LongVideoAgent Docs¶
LongVideoAgent is a multi-agent framework for reasoning over long videos. A master LLM iteratively coordinates a grounding agent and a vision agent to localize relevant clips, inspect visual evidence, and answer long-video QA questions with interpretable multi-step traces.
Project Page | Paper | Dataset: LongTVQA | Dataset: LongTVQA+
Overview¶
Recent long-video QA systems often rely on lossy summarization or limited tool use, which weakens temporal grounding and misses fine-grained cues. LongVideoAgent instead uses a bounded multi-agent reasoning loop:
- The MasterAgent plans the next step and decides when enough evidence has been collected.
- The GroundingAgent localizes question-relevant video clips from subtitles.
- The VisionAgent inspects sampled frames from the localized clips and returns targeted visual observations.
This repository documents the codebase for:
- Running quickstart GRPO training for the master agent.
- Building offline grounding caches and converting datasets into training-ready formats.
- Running unified local/API evaluation on LongTVQA and LongTVQA+.
Documentation Guide¶
- Start with Installation to set up the environment.
- Use Quickstart for the shortest end-to-end training path.
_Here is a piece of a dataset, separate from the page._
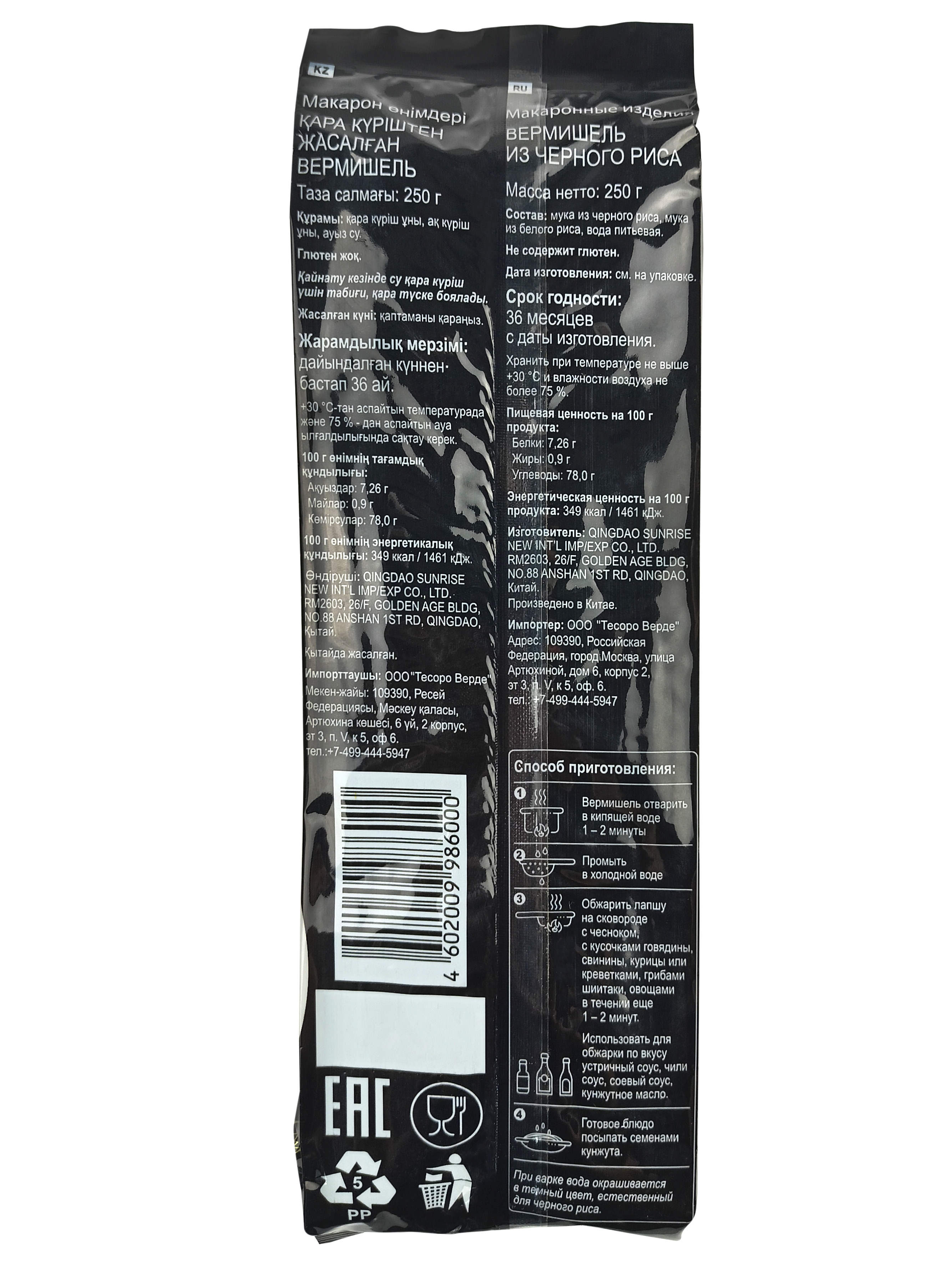 Черный рис содержит витамины группы В, железо, магний, цинк и другие минералы. У черного риса низкий гликемический индекс, поэтому блюда из него не вызывают резкого повышения уровня сахара в крови. Употребление вермишели из черного риса оказывает благоприятное воздействие на состояние кожи, нервную и сердечно-сосудистую системы, пищевые волокна способствуют нормализации пищеварения, а белки дают быстрое чувство насыщения.

- See Evaluation for local and API-based evaluation scripts.
- Use the training pages for GRPO config details, offline grounding cache generation, and LoRA adapter merging.
Method Summary¶
LongVideoAgent operates in a bounded loop with up to K reasoning rounds. At each step, the master agent emits a structured action:
<request_grounding>to search for relevant clips.<visual_query>to inspect selected clips with the vision agent.<answer>to terminate and return the final option.
The master agent is optimized with reinforcement learning so that trajectories remain structurally valid, concise, and correct.